[Work task]
An exact copy of the lines of the listing below between the "Ateljébild på en" line and the "위 참고 링크에서 각" line, both included, is the whole answer; please omit the pictures.

[Data for this exercise]
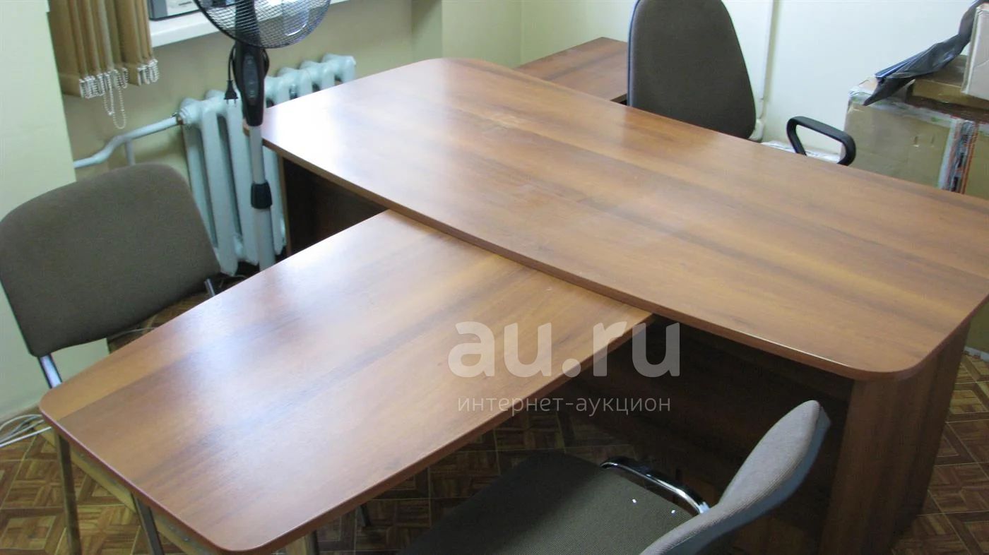 Большой директорский стол, в комплекте с приставным столом для переговоров на железной ноге, + маленький стол с тумбой. Состояние хорошее.
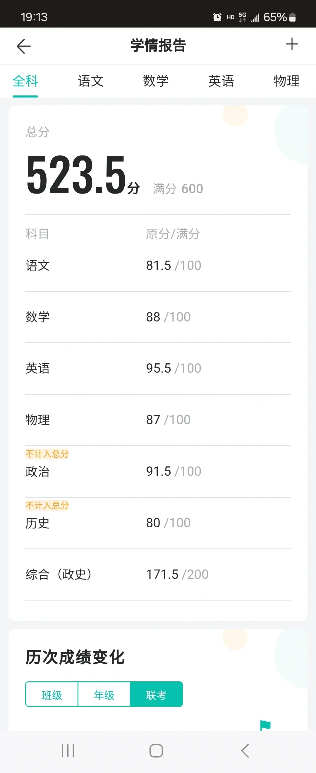 南开8上期末成绩终于出来了
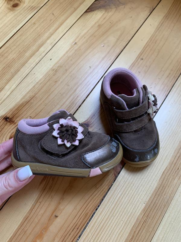 Для девочки натуральная замша серединка кожаная стелька на липучках красивые твердые задние очень хорошо начинать ходить (только взбитые передки) стелька имеет 14см весенние
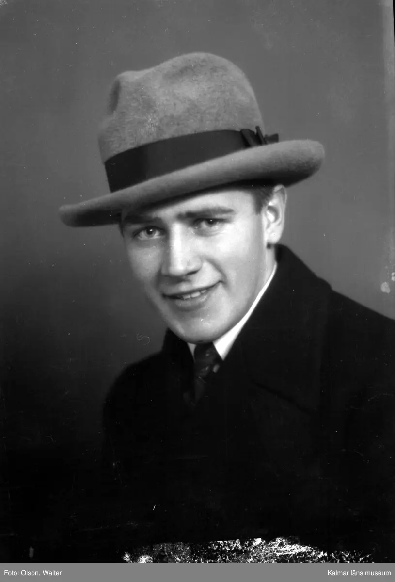 Ateljébild på en man i rock och hatt. Enligt Walter Olsons journal är bilden beställd av Sven Sohlberg.
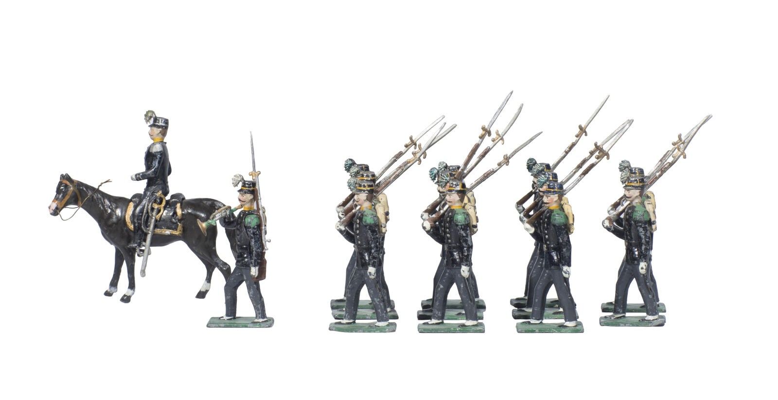 C.B.G. Mignot. Third Republic. Chasseurs à pied with Officer on horseback and Bugler. Antique Gerbeau edition circa 1885. With green terraces (13 Fig.). Medium to B.E.
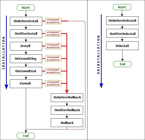 위 참고 링크에서 각 설치 이벤트에 따라 Install/Uninstall 시 Rollback 여부를 표시한 FlowChart를 제공하였다.
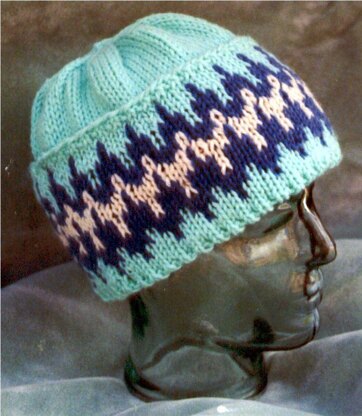 This is a good way to try an Icelandic style knit in pattern, before you tackle a sweater! You will get the feel for the pattern coloring in this simple hat. Nice style, fits both men and women. Easy graph to follow will have you finished with the color knit part in no time. Nice easy fit at top of head. Uses worsted weight yarns, and 16 inch circular US #8. Plus you will need a few double pointed needles US # 8 to decrease and finish top of hat. But dont worry, there are not too many rows of working with double points, and then you are done!
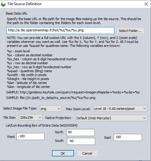 A URL with variables named %x (column), %y (row), and %z (zoom scale) in the URL can also be used, so that the URL can be setup however the data source requires, rather than using the default expected URL setup.
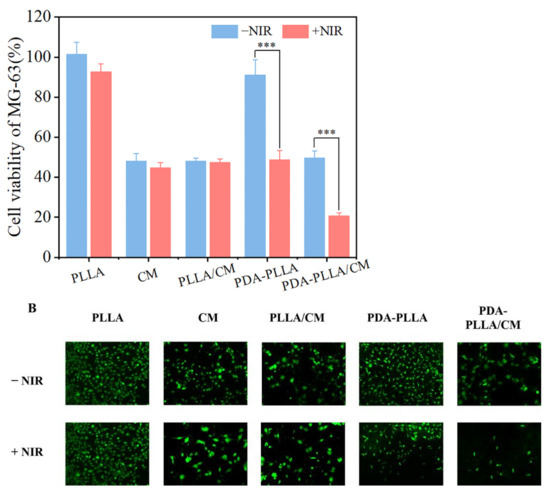 (A) Cell viability ofMG-63 cells after being cultured with PLLA, PLLA/CM, PDA-PLLA and PDA-PLLA/CM microparticles at the same CM concentration level with or without NIR irradiation (PLLA, PLLA/CM, PDA-PLLA and PDA-PLLA/CM microparticles, 500 μg/mL; CM, 75 μg/mL). (B) Fluorescence staining images of MG-63 cells with or without NIR irradiation (1.3 W/cm2) for 10 min. (*** p-value < 0.001).
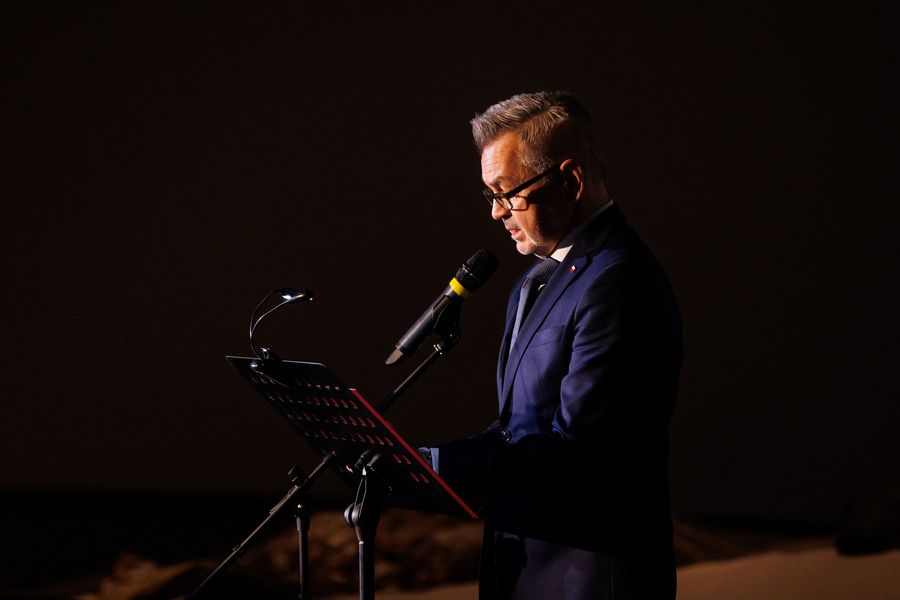 Ambasador wygłosił okolicznościowe przemówienie, w którym odniósł się do słów ocalałego z obozu Mariana Turskiego: „Bądźcie wierni przykazaniu. Jedenaste przykazanie: nie bądź obojętny, bo jeżeli nie, to się nawet nie obejrzycie jak na was, jak na waszych potomków, "jakieś Auschwitz" nagle spadnie z nieba”
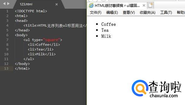 另外我们也可以通过type属性指定内容前面的标签类型,如下图所示
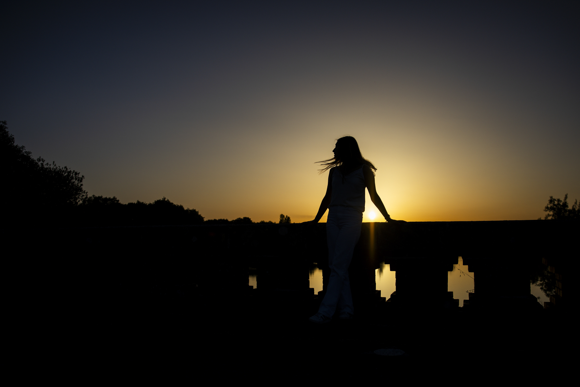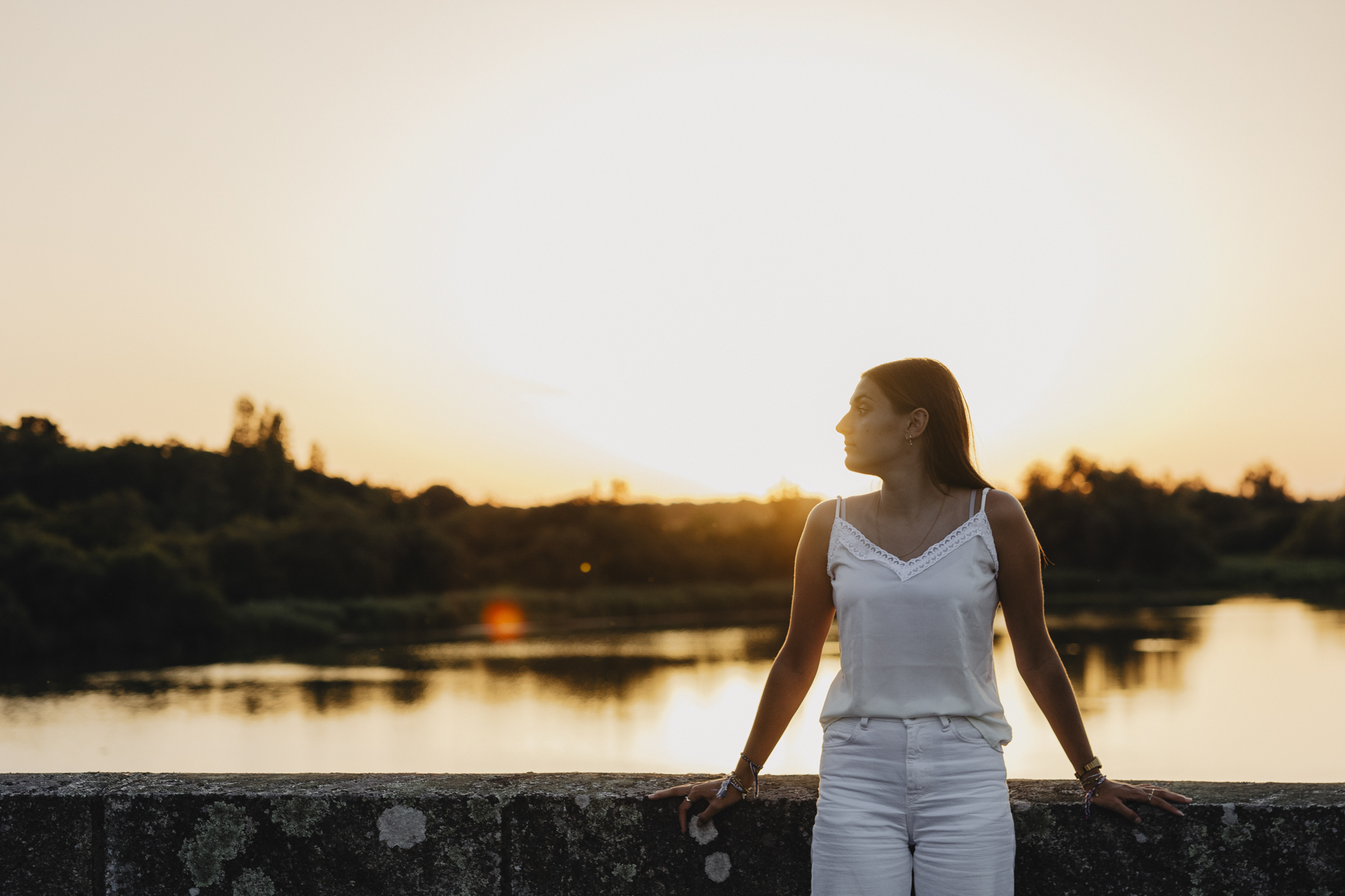 Après cette première partie de séance, nous avons rejoint un second lieu tout aussi magique : les abords du pont de l’Ouen. Ce spot offre un paysage dégagé, avec de l’eau, de l’espace et surtout une vue idéale pour admirer le soleil couchant. À ce moment précis de la journée, la lumière devient dorée, presque orangée, et enveloppe tout ce qu’elle touche.

[Output below]
 Ateljébild på en man i rock och hatt. Enligt Walter Olsons journal är bilden beställd av Sven Sohlberg.
 C.B.G. Mignot. Third Republic. Chasseurs à pied with Officer on horseback and Bugler. Antique Gerbeau edition circa 1885. With green terraces (13 Fig.). Medium to B.E.
 위 참고 링크에서 각 설치 이벤트에 따라 Install/Uninstall 시 Rollback 여부를 표시한 FlowChart를 제공하였다.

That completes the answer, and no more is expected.